══ DATASET RECORDS

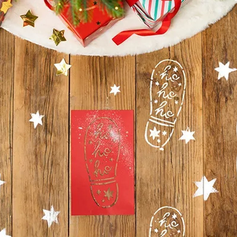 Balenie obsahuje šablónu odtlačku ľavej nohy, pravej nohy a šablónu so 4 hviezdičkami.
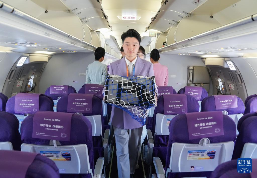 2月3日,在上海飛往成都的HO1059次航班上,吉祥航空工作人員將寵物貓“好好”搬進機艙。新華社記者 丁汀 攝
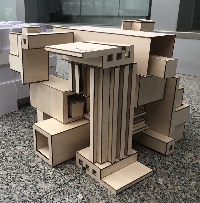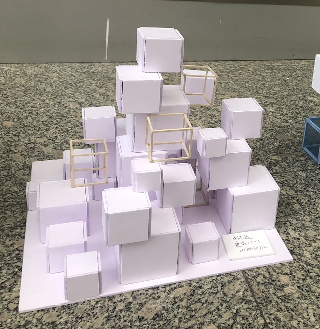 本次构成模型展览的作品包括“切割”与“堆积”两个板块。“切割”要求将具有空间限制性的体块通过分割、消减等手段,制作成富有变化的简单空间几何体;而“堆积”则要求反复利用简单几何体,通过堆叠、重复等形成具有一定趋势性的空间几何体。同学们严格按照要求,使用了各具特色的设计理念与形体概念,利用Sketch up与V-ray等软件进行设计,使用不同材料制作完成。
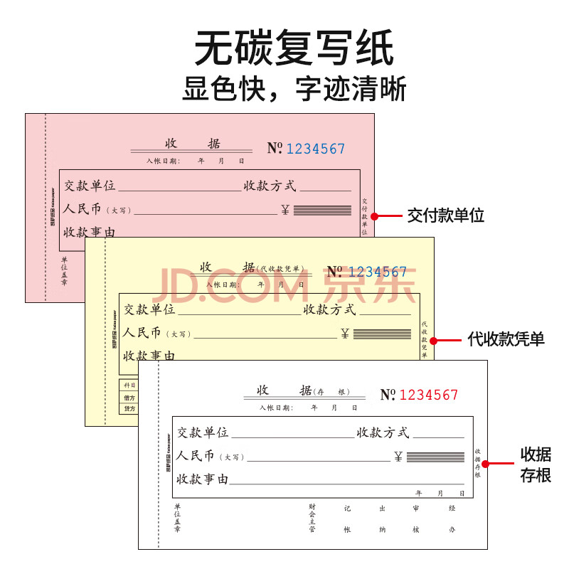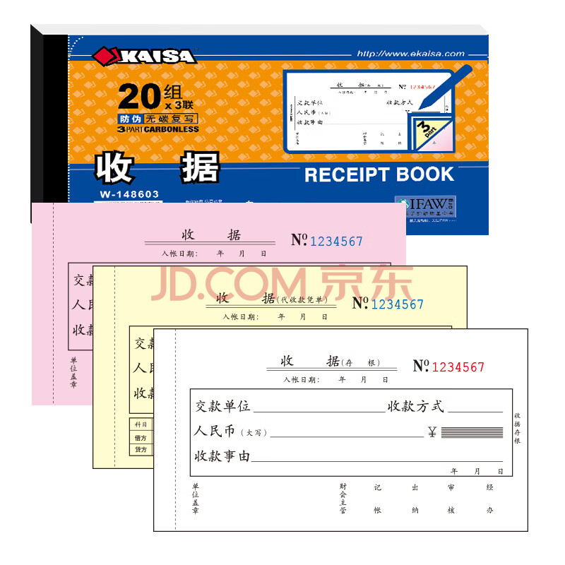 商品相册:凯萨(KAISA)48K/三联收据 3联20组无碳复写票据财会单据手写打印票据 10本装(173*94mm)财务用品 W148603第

════
══ DATASET RECORDS

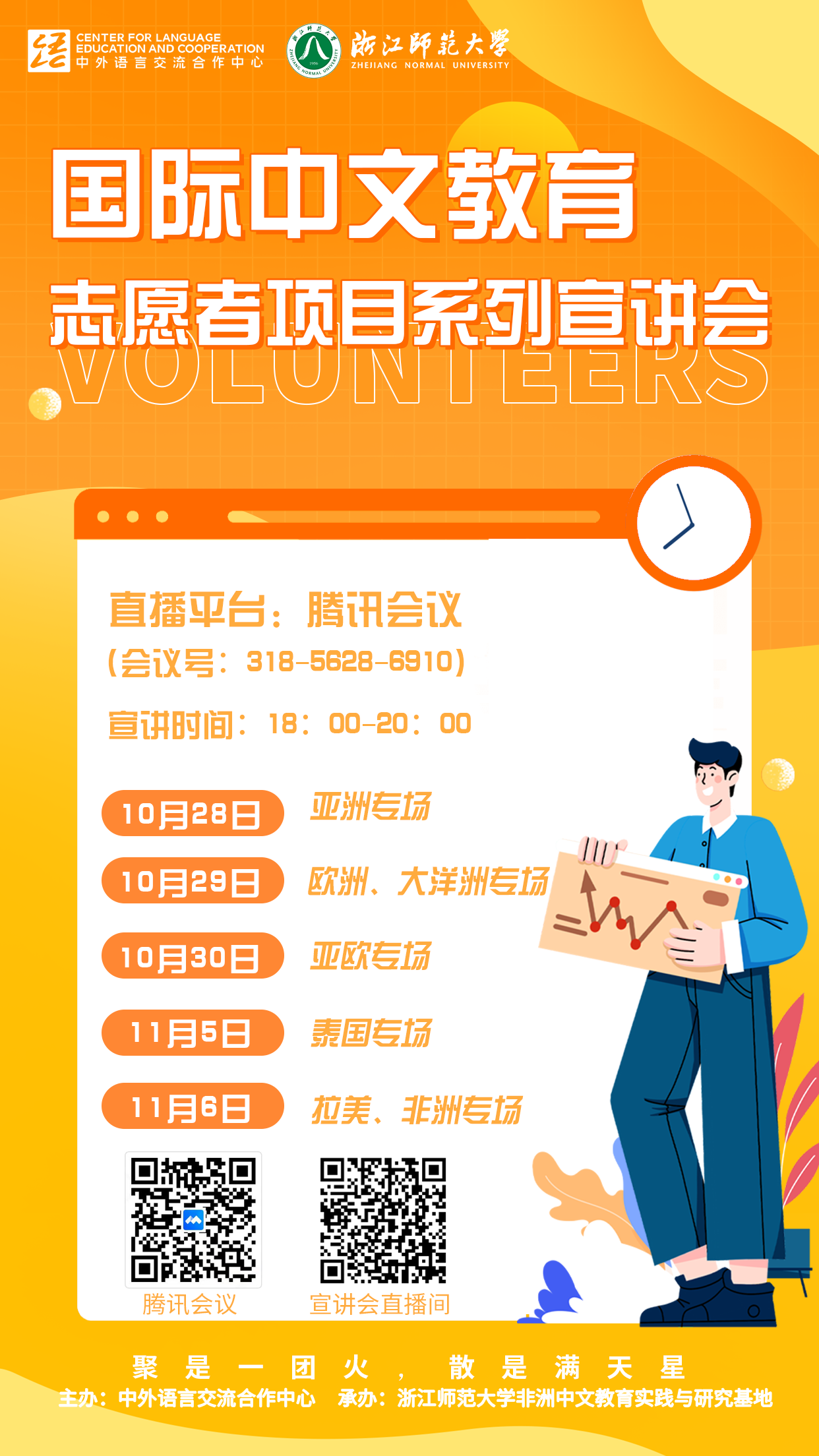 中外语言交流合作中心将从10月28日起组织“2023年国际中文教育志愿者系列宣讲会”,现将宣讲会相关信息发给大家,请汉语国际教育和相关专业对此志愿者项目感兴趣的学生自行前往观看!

════

◆ TASK TO CARRY OUT
In the listing above, find the line with "Balenie obsahuje šablónu" and the line with "商品相册:凯萨(KAISA)48K/三联收据 3联20组无碳复写票据财会单据手写打印票据 10本装(173*94mm)财务用品". Copy exactly those lines and all between them, minus the images.

◆ TASK OUTPUT
 Balenie obsahuje šablónu odtlačku ľavej nohy, pravej nohy a šablónu so 4 hviezdičkami.
 2月3日,在上海飛往成都的HO1059次航班上,吉祥航空工作人員將寵物貓“好好”搬進機艙。新華社記者 丁汀 攝
 本次构成模型展览的作品包括“切割”与“堆积”两个板块。“切割”要求将具有空间限制性的体块通过分割、消减等手段,制作成富有变化的简单空间几何体;而“堆积”则要求反复利用简单几何体,通过堆叠、重复等形成具有一定趋势性的空间几何体。同学们严格按照要求,使用了各具特色的设计理念与形体概念,利用Sketch up与V-ray等软件进行设计,使用不同材料制作完成。
 商品相册:凯萨(KAISA)48K/三联收据 3联20组无碳复写票据财会单据手写打印票据 10本装(173*94mm)财务用品 W148603第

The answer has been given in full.